Below is a listing to repeat exactly, with its pictures left out.

_Given data_:
* * *

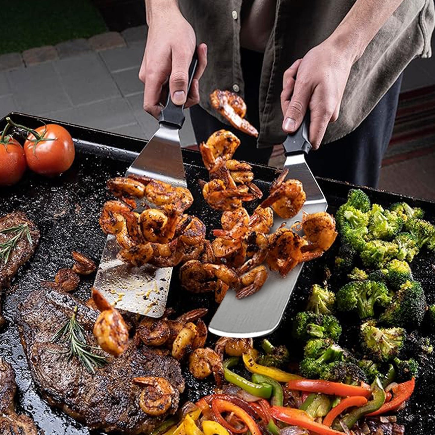 ERGONOMIC, EASY-GRIP HANDLES: Tools feature comfortable handles for secure grip and control during long cooking sessions. Designed for effortless flipping, scraping, and cleaning
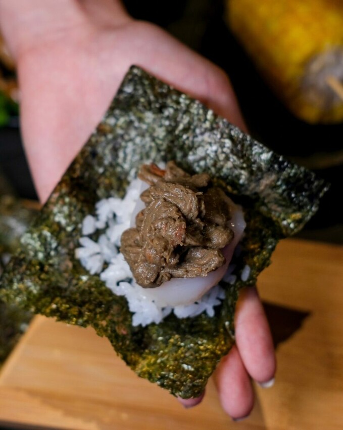 ▼明太子雞肉串咬起來超軟嫩,搭配頂頭滿滿明太子鹹香夠味;奶油和牛燒的軟嫩剛剛好,入口後能感受到明顯牛香,加上番茄的風味更豐富。
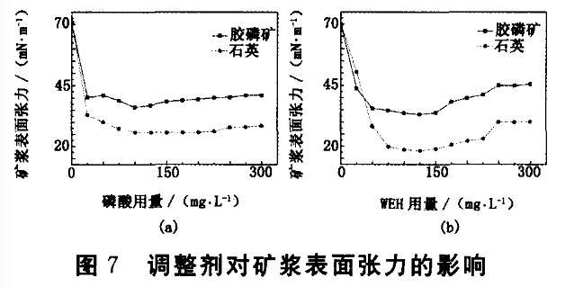 本研究對多種調整劑作用下石英和膠磷礦的可浮性進行了考察,并通過表面張力分析說明礦漿表面張力的影響及捕收劑AY在礦漿中的活性,但還需要在以后的研究工作中進一步探討捕收劑在石英和膠磷礦表面的吸附機理。

* * *

_Answer box_:
 ERGONOMIC, EASY-GRIP HANDLES: Tools feature comfortable handles for secure grip and control during long cooking sessions. Designed for effortless flipping, scraping, and cleaning
 ▼明太子雞肉串咬起來超軟嫩,搭配頂頭滿滿明太子鹹香夠味;奶油和牛燒的軟嫩剛剛好,入口後能感受到明顯牛香,加上番茄的風味更豐富。
 本研究對多種調整劑作用下石英和膠磷礦的可浮性進行了考察,并通過表面張力分析說明礦漿表面張力的影響及捕收劑AY在礦漿中的活性,但還需要在以后的研究工作中進一步探討捕收劑在石英和膠磷礦表面的吸附機理。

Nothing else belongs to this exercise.